Canada ready to give retailers an out for the Apple Pay fees that don't exist

The fight between merchants and the credit card industry continues as the Canadian government is mulling over a proposal, which could be announced as early as this week, to give retailers the ability to reject Apple Pay (and mobile payments in general—if and when they're available in the country), The Wall Street Journal reported today.

The source of the conflict stems from the potential for an increase in transaction processing fees that merchants could incur when accepting mobile payments.
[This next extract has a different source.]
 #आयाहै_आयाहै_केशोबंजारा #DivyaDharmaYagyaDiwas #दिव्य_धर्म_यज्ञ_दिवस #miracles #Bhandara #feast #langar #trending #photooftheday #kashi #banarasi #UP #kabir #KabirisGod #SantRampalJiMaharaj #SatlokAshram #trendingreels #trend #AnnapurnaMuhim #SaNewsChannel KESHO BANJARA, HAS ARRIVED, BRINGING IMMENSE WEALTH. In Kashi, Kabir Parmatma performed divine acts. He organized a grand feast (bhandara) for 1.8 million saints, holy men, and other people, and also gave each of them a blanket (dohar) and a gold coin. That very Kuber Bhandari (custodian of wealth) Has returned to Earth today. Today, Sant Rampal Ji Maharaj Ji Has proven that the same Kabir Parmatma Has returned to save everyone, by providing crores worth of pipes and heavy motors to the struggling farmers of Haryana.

Though retailers currently pay the same transaction fee that is typically associated with physical card swipe, the fear is that card companies could raise fees in the future after mobile payments become more mainstream.

While the rules reportedly wouldn't keep credit card companies from increasing fees, the proposal would allow retailers to pick and choose which forms of payment they are willing to accept.
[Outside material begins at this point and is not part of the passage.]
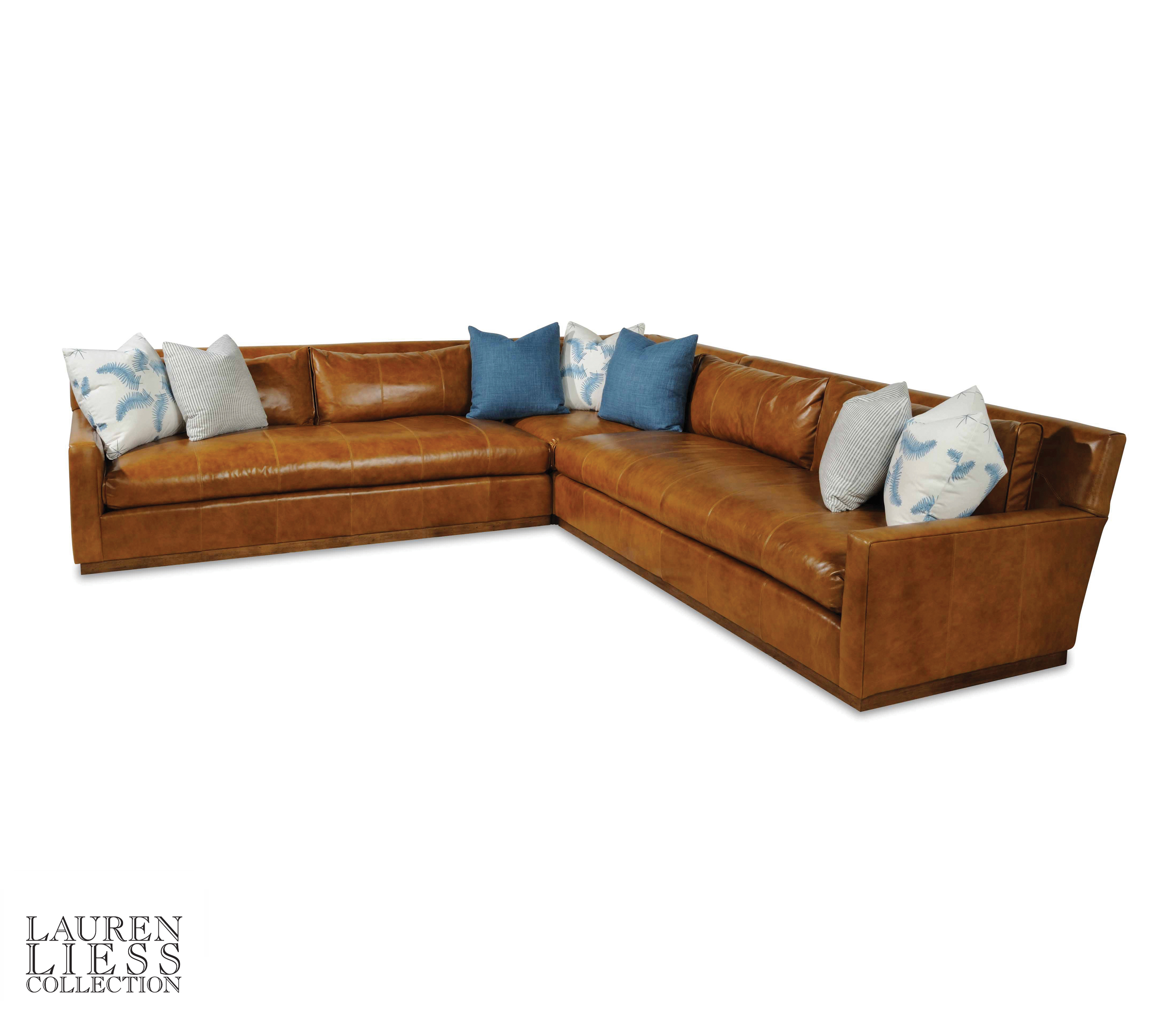 No pillows standard on leather sectional / Bullnose Bench seat cushion/ Bullnose Velcro attached back cushions with flange / Plinth base/10/90 Down Back cushion/No nails standard
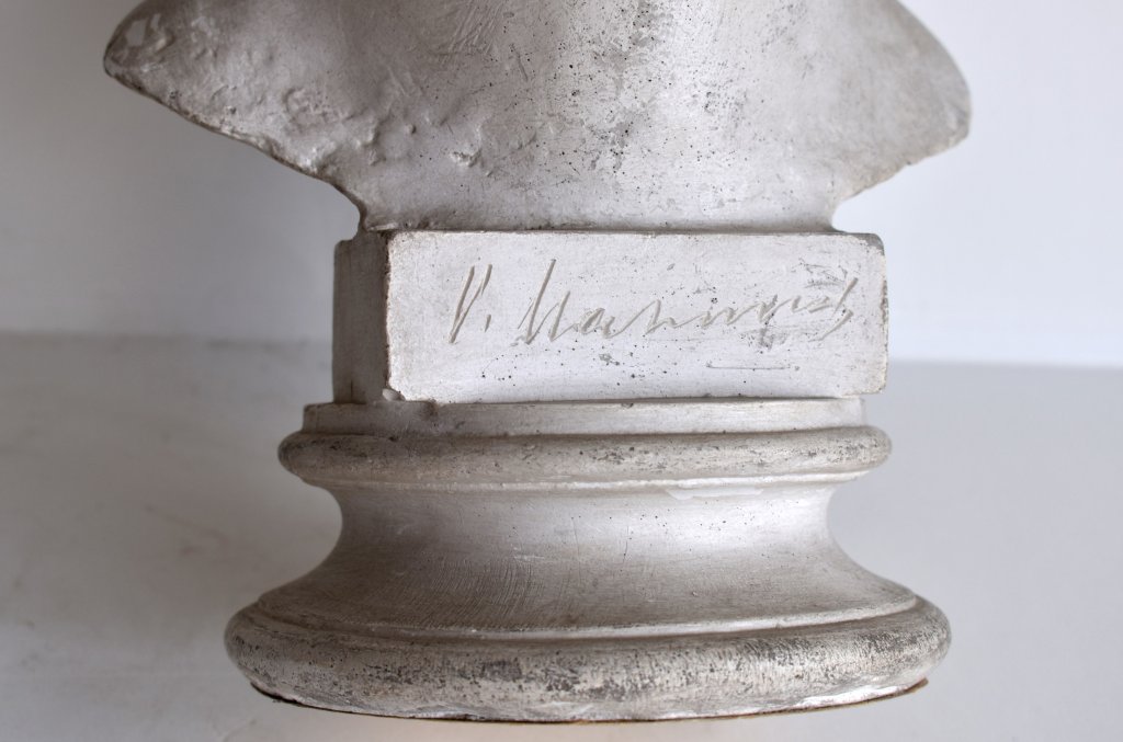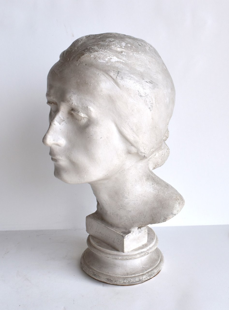 POPIS: Sádra, výška: 365 cm. Busta Boženy Němcové jíž autorem je Vincenc Makovský. Publikováno : Pestrý týden ze 17. 1. 1942, ROČ. XVII, ČÍS. 3, str. 11.

A quote from the drafted document, obtained by The Wall Street Journal, explains the thinking behind the proposal:

"Should fees set by the payment card networks in respect of contactless payments made from a mobile device increase relative to card-based contactless payments, payment card networks will develop the technical specifications to ensure that merchant acceptance of contactless payments made from a mobile device can be canceled at the point of sale without disabling other forms of contactless payments acceptance."

News of this proposal comes after recent reports that CVS and Rite Aid disabled mobile payments last month in favor of upcoming payment alternative, CurrentC.